» **YOUR ASSIGNMENT**
Starting at the line containing "丁香園收錄了全國2000 醫" and ending at the line containing "Stoffkorb mit Griff: Der", transcribe the listing below exactly. Keep both end lines, skip the pictures, and copy nothing else.
Start of INFORMATION PROVIDED
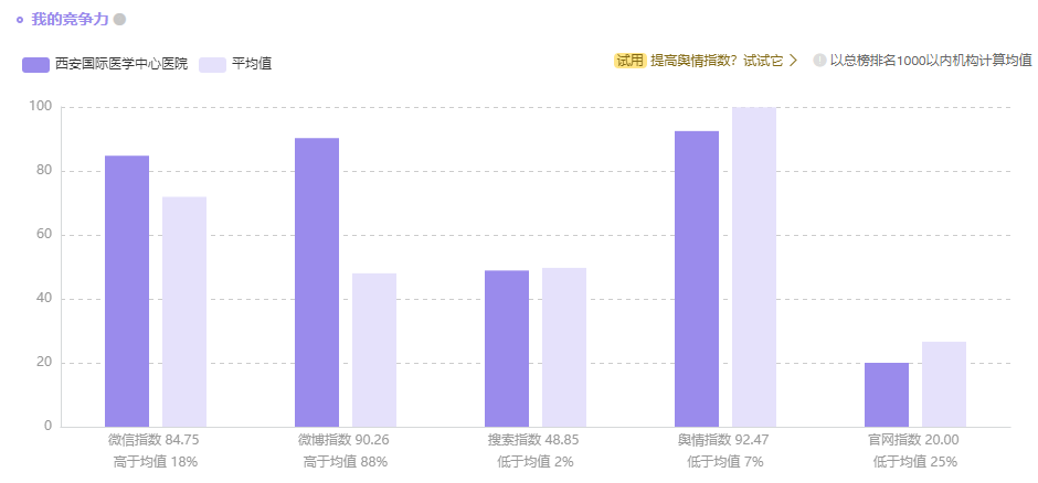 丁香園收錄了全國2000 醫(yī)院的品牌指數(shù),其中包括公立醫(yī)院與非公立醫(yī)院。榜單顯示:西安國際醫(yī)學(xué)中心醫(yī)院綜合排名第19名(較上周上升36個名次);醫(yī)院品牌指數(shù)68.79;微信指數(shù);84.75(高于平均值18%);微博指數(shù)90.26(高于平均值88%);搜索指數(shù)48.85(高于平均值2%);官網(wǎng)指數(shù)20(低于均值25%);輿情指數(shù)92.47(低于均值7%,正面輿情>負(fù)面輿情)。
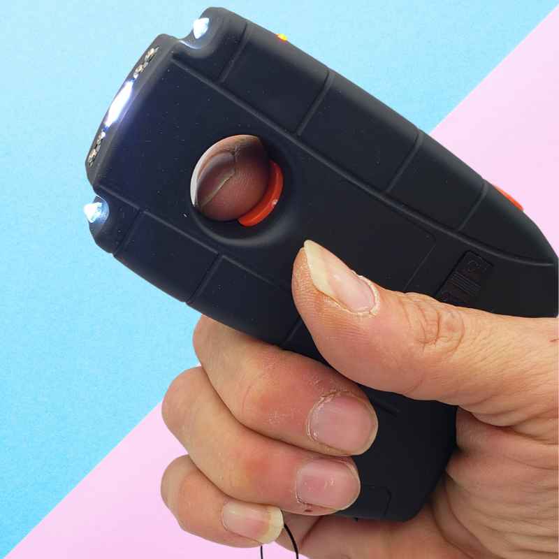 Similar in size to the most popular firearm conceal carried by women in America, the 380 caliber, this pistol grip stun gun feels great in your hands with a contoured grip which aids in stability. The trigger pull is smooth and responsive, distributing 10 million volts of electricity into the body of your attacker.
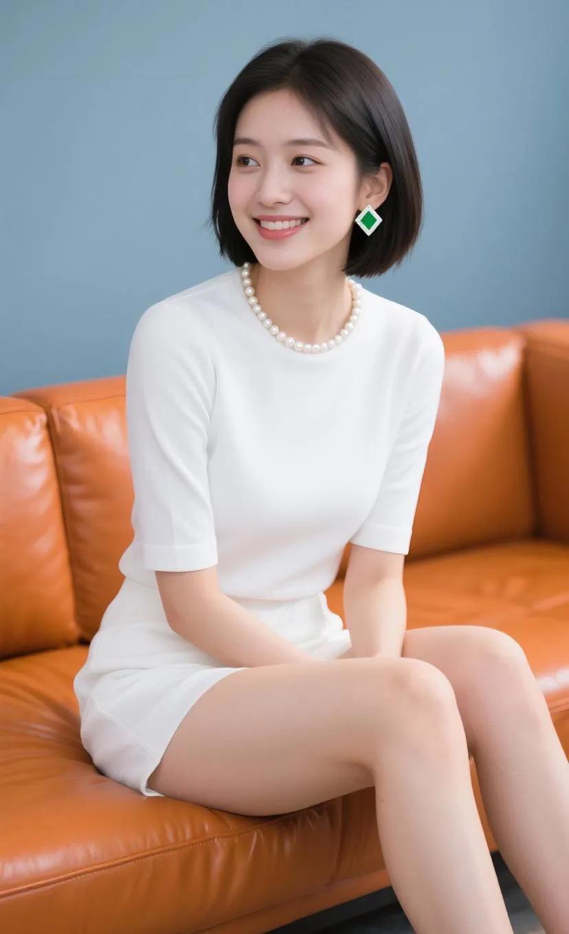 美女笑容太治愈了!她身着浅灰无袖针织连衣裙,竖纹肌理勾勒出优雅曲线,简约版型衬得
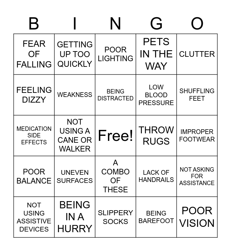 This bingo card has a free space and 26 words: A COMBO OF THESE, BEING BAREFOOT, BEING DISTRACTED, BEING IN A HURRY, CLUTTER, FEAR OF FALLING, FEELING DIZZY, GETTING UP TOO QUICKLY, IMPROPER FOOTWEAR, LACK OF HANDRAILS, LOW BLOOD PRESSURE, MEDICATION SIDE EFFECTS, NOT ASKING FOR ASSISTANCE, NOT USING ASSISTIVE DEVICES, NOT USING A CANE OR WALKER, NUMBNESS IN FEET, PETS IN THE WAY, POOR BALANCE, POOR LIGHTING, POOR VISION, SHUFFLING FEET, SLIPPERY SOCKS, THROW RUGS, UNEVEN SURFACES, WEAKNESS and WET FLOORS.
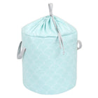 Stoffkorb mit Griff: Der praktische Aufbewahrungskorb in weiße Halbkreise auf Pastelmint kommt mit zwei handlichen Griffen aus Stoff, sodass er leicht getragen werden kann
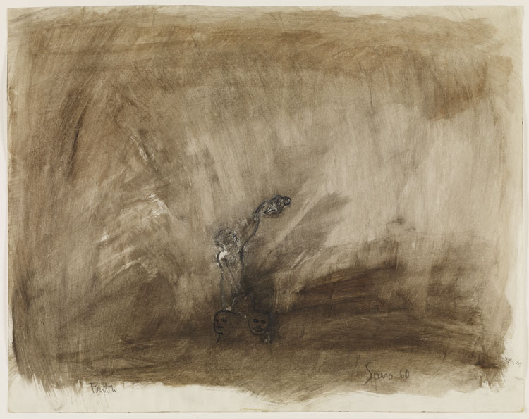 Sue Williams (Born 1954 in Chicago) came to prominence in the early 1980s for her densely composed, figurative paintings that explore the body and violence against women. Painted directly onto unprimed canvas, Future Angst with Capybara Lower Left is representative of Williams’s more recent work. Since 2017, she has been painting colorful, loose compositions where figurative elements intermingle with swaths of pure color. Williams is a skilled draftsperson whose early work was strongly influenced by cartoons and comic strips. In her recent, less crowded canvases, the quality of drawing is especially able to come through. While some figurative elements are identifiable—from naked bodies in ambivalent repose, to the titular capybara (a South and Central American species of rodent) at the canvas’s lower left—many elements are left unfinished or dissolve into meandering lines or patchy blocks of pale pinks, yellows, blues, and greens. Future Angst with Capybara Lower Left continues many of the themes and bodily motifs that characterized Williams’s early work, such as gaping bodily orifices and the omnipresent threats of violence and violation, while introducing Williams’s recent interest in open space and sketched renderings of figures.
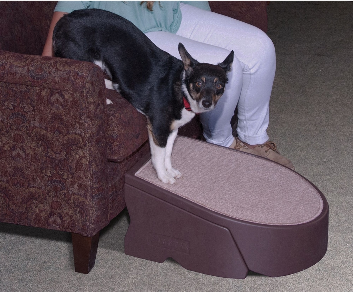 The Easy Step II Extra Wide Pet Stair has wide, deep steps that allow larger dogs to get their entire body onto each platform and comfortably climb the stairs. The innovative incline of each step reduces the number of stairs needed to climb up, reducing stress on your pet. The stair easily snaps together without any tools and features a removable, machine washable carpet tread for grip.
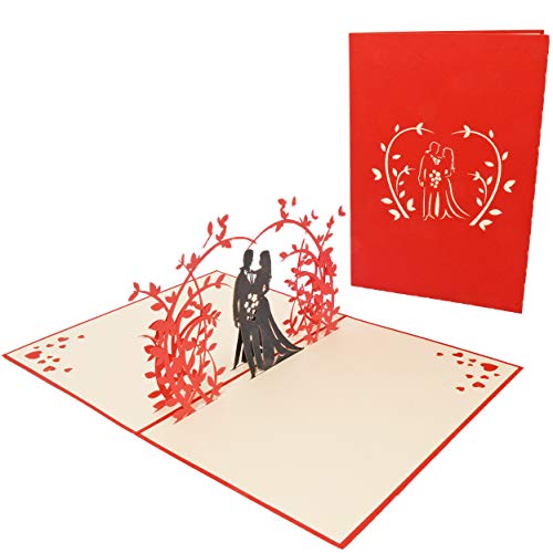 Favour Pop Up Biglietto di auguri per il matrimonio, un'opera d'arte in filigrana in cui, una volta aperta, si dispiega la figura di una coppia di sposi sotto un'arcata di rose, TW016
End of INFORMATION PROVIDED
Start of INFORMATION PROVIDED
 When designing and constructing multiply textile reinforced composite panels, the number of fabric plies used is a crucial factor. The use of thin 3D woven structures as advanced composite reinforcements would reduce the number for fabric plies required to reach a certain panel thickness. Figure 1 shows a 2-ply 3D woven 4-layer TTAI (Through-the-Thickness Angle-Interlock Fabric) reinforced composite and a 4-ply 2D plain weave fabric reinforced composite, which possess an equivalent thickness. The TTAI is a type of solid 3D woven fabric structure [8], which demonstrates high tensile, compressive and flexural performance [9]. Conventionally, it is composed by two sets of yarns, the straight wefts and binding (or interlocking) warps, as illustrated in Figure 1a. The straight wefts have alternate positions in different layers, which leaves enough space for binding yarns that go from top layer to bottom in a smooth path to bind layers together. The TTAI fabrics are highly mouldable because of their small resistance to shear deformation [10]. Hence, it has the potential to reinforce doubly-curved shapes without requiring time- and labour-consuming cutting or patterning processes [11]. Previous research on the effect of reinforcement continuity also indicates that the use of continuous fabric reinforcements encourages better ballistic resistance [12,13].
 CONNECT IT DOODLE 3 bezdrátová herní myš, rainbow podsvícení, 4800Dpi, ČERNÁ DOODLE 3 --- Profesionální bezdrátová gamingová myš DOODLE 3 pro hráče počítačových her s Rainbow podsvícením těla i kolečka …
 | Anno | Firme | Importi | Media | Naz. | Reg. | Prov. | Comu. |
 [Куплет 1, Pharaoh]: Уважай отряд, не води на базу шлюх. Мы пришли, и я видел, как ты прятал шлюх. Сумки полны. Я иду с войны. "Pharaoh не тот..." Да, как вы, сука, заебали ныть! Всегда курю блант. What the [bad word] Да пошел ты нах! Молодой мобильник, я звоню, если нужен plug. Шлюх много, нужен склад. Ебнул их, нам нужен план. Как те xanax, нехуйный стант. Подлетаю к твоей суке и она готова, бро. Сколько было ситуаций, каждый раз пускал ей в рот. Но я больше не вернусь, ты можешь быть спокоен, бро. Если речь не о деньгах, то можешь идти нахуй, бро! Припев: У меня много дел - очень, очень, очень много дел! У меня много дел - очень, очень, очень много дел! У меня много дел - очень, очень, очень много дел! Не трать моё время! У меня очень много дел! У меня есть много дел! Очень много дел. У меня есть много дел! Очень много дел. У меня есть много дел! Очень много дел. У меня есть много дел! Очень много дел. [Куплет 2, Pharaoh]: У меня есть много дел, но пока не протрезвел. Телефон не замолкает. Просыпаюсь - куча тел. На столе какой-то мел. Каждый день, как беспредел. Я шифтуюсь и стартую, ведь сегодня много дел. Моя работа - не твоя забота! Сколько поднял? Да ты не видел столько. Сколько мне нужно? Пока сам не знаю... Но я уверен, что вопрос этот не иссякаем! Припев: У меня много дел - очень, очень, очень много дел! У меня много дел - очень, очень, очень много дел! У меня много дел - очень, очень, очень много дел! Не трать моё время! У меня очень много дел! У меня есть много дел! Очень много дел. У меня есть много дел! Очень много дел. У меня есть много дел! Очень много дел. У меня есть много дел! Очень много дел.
End of INFORMATION PROVIDED
» **OUTPUT FOR THIS EXERCISE**
 丁香園收錄了全國2000 醫(yī)院的品牌指數(shù),其中包括公立醫(yī)院與非公立醫(yī)院。榜單顯示:西安國際醫(yī)學(xué)中心醫(yī)院綜合排名第19名(較上周上升36個名次);醫(yī)院品牌指數(shù)68.79;微信指數(shù);84.75(高于平均值18%);微博指數(shù)90.26(高于平均值88%);搜索指數(shù)48.85(高于平均值2%);官網(wǎng)指數(shù)20(低于均值25%);輿情指數(shù)92.47(低于均值7%,正面輿情>負(fù)面輿情)。
 Similar in size to the most popular firearm conceal carried by women in America, the 380 caliber, this pistol grip stun gun feels great in your hands with a contoured grip which aids in stability. The trigger pull is smooth and responsive, distributing 10 million volts of electricity into the body of your attacker.
 美女笑容太治愈了!她身着浅灰无袖针织连衣裙,竖纹肌理勾勒出优雅曲线,简约版型衬得
 This bingo card has a free space and 26 words: A COMBO OF THESE, BEING BAREFOOT, BEING DISTRACTED, BEING IN A HURRY, CLUTTER, FEAR OF FALLING, FEELING DIZZY, GETTING UP TOO QUICKLY, IMPROPER FOOTWEAR, LACK OF HANDRAILS, LOW BLOOD PRESSURE, MEDICATION SIDE EFFECTS, NOT ASKING FOR ASSISTANCE, NOT USING ASSISTIVE DEVICES, NOT USING A CANE OR WALKER, NUMBNESS IN FEET, PETS IN THE WAY, POOR BALANCE, POOR LIGHTING, POOR VISION, SHUFFLING FEET, SLIPPERY SOCKS, THROW RUGS, UNEVEN SURFACES, WEAKNESS and WET FLOORS.
 Stoffkorb mit Griff: Der praktische Aufbewahrungskorb in weiße Halbkreise auf Pastelmint kommt mit zwei handlichen Griffen aus Stoff, sodass er leicht getragen werden kann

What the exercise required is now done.